• **Dataset excerpts**
■ ■ ■

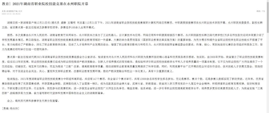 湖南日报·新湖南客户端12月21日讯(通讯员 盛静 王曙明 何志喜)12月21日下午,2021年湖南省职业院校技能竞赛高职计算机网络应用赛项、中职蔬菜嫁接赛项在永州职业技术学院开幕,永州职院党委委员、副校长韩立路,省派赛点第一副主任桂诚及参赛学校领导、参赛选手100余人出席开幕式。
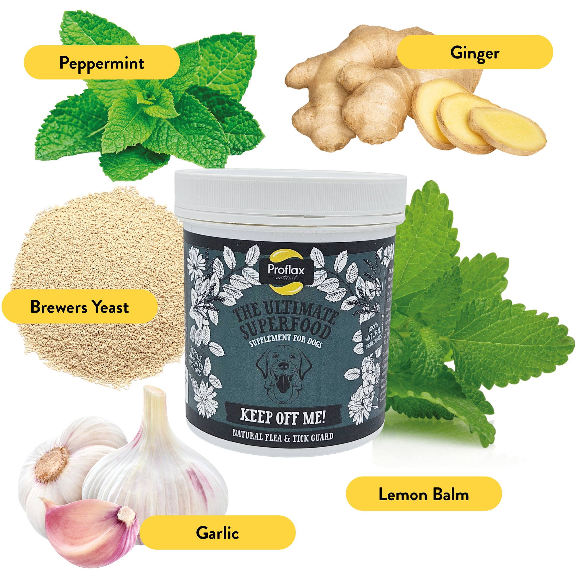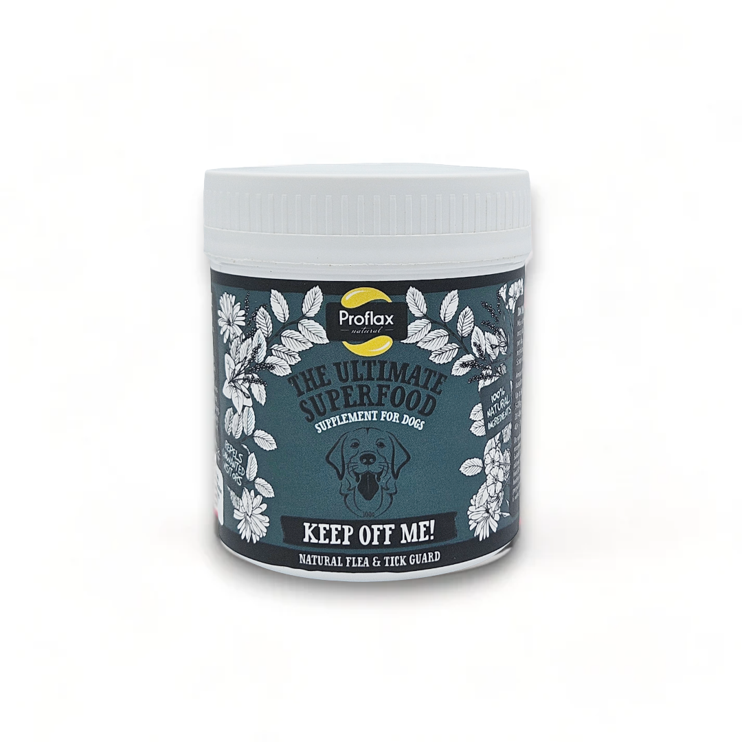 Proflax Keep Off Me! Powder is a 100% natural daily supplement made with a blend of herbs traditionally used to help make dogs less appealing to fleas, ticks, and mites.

■ ■ ■

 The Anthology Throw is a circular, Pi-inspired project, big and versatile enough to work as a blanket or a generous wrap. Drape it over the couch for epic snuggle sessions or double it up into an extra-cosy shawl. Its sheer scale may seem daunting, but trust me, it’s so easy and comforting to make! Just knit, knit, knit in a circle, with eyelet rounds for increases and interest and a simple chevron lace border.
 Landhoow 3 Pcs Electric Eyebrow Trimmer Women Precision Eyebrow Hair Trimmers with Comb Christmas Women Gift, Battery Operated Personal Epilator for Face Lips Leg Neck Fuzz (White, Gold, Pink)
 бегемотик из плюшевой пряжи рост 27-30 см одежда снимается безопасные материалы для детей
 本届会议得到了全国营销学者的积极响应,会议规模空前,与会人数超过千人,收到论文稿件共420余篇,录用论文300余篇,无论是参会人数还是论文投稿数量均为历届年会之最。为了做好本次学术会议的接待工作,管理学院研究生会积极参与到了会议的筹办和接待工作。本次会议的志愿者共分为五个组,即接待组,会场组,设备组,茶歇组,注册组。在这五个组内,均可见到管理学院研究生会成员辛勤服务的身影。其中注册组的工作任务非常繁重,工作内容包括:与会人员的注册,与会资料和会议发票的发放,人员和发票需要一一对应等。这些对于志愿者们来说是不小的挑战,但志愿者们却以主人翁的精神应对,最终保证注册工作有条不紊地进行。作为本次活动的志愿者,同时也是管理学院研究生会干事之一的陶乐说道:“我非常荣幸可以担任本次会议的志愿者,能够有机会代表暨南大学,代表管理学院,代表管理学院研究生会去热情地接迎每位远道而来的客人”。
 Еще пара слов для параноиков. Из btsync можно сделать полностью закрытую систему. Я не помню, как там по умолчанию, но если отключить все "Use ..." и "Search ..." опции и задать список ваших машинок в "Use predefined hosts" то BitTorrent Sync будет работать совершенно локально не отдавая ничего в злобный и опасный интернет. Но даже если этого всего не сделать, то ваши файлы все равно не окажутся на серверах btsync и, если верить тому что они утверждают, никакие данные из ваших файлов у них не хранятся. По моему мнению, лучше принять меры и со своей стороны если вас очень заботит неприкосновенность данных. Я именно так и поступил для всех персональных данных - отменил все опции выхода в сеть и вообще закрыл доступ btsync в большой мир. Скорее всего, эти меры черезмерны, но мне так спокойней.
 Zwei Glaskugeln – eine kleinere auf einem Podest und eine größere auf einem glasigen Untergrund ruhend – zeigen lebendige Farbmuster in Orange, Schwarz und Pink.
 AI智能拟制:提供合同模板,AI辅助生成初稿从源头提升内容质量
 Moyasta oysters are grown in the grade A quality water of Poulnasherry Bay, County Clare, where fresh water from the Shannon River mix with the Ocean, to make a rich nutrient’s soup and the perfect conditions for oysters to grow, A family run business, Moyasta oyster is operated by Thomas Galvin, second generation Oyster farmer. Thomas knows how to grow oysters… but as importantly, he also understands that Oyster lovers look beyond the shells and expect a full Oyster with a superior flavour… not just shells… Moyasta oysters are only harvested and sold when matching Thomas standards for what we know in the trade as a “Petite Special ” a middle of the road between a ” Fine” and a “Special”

■ ■ ■

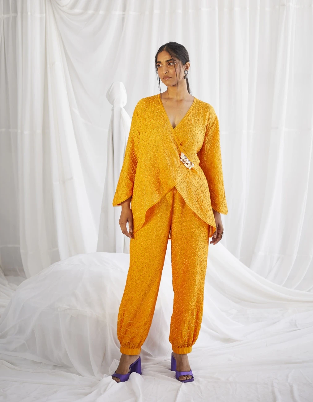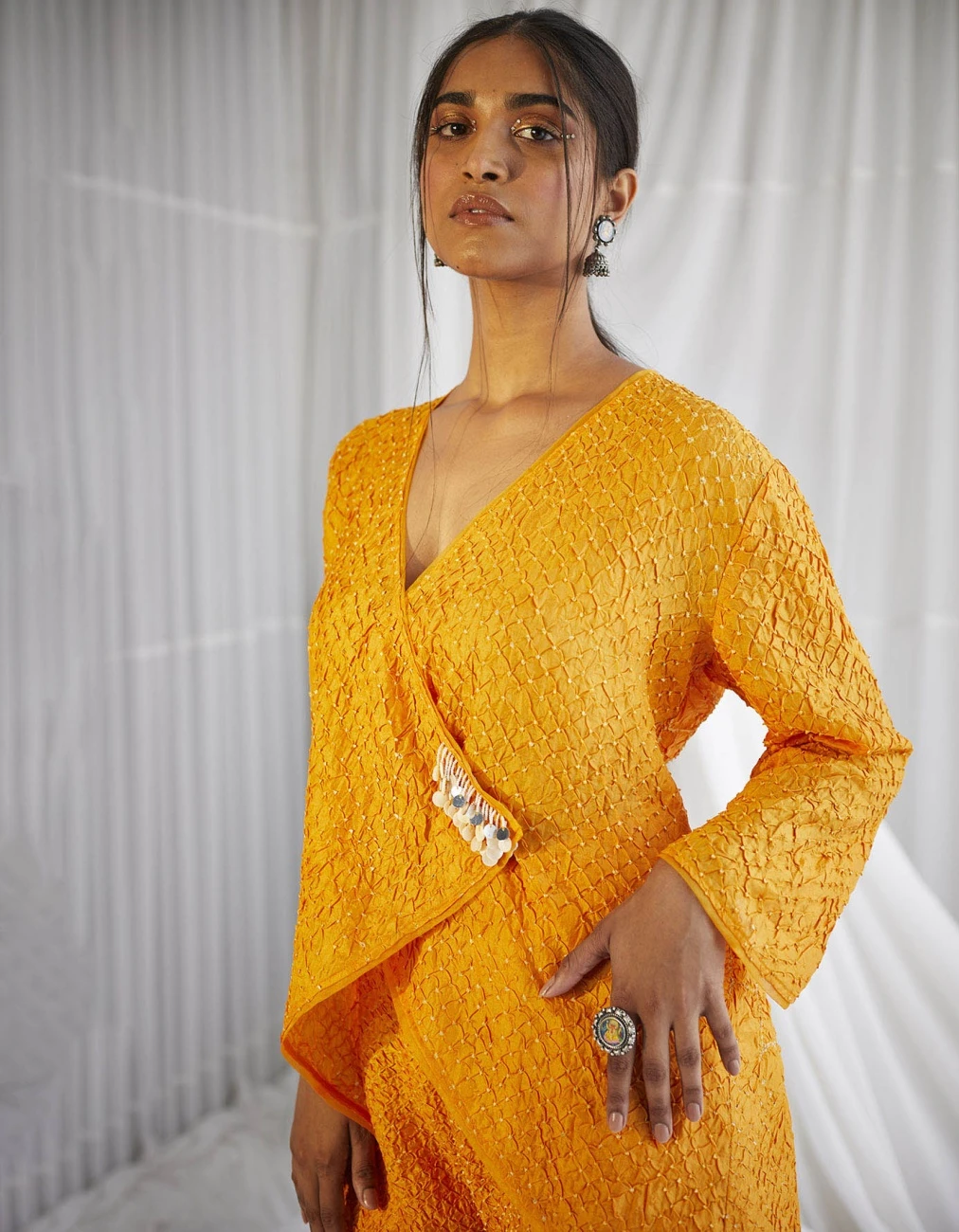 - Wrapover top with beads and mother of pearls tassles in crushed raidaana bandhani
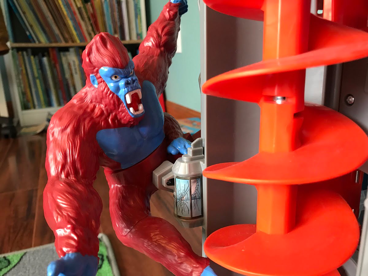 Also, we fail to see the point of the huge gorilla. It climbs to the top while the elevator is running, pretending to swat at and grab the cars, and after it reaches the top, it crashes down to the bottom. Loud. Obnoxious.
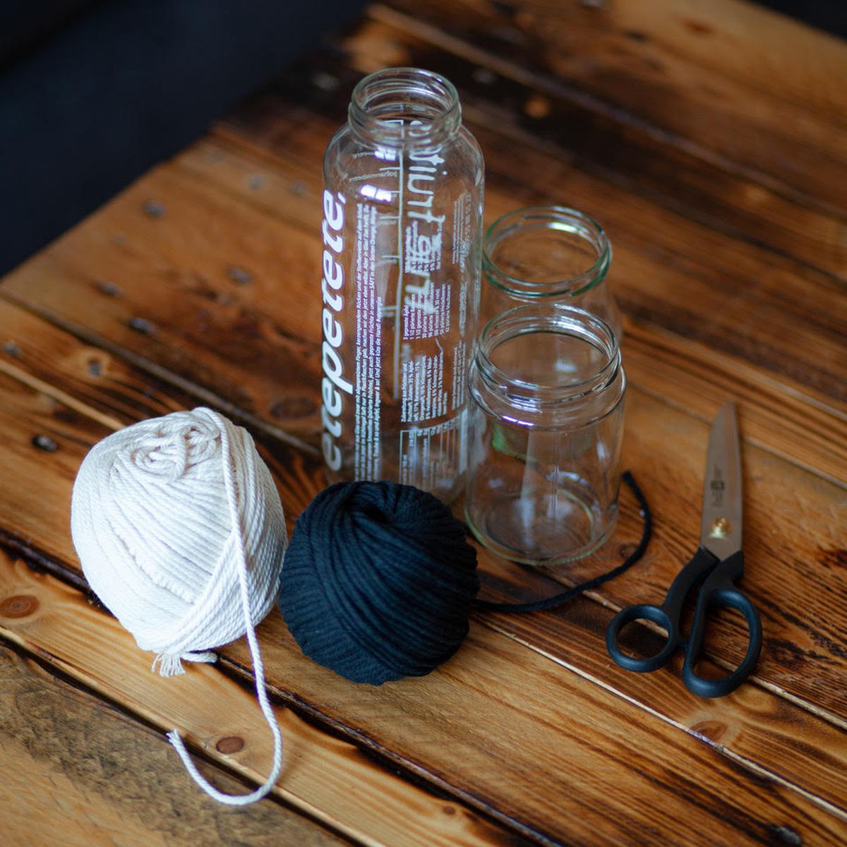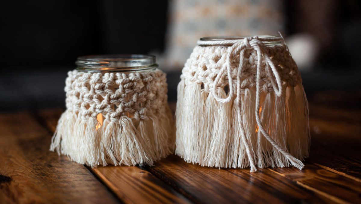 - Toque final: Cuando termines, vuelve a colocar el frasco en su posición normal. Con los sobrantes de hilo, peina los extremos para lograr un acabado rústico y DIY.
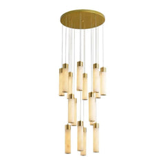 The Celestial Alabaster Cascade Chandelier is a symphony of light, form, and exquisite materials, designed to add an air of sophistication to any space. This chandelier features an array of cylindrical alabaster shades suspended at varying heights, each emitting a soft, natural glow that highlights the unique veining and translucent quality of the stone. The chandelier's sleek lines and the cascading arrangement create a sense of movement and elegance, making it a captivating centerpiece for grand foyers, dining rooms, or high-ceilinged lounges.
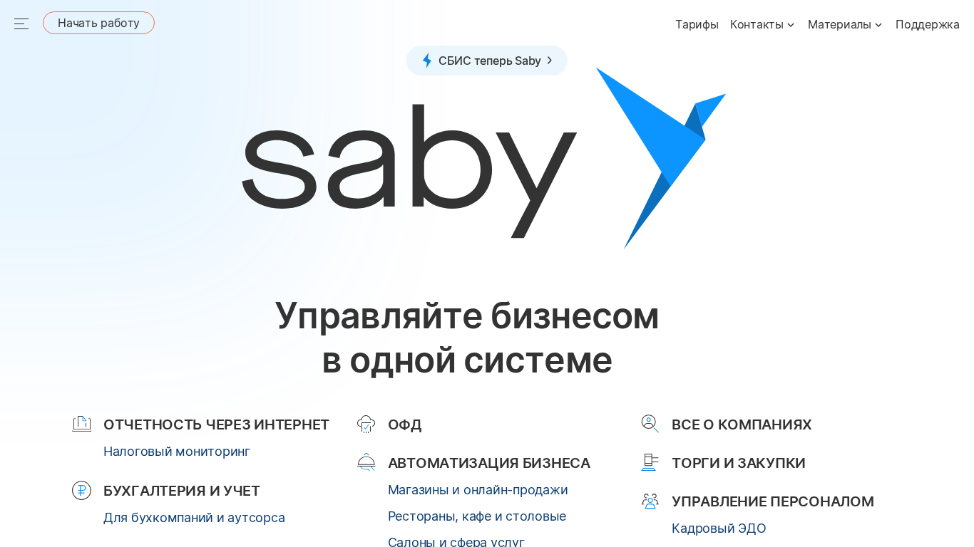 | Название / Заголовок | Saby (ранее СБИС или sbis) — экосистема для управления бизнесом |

■ ■ ■

• **Exercise**
Repeat the lines above exactly, beginning with the one containing "The Celestial Alabaster" and finishing with the one containing "управления бизнесом |". No pictures belong in the copy.

• **Finished task**
 The Celestial Alabaster Cascade Chandelier is a symphony of light, form, and exquisite materials, designed to add an air of sophistication to any space. This chandelier features an array of cylindrical alabaster shades suspended at varying heights, each emitting a soft, natural glow that highlights the unique veining and translucent quality of the stone. The chandelier's sleek lines and the cascading arrangement create a sense of movement and elegance, making it a captivating centerpiece for grand foyers, dining rooms, or high-ceilinged lounges.
 | Название / Заголовок | Saby (ранее СБИС или sbis) — экосистема для управления бизнесом |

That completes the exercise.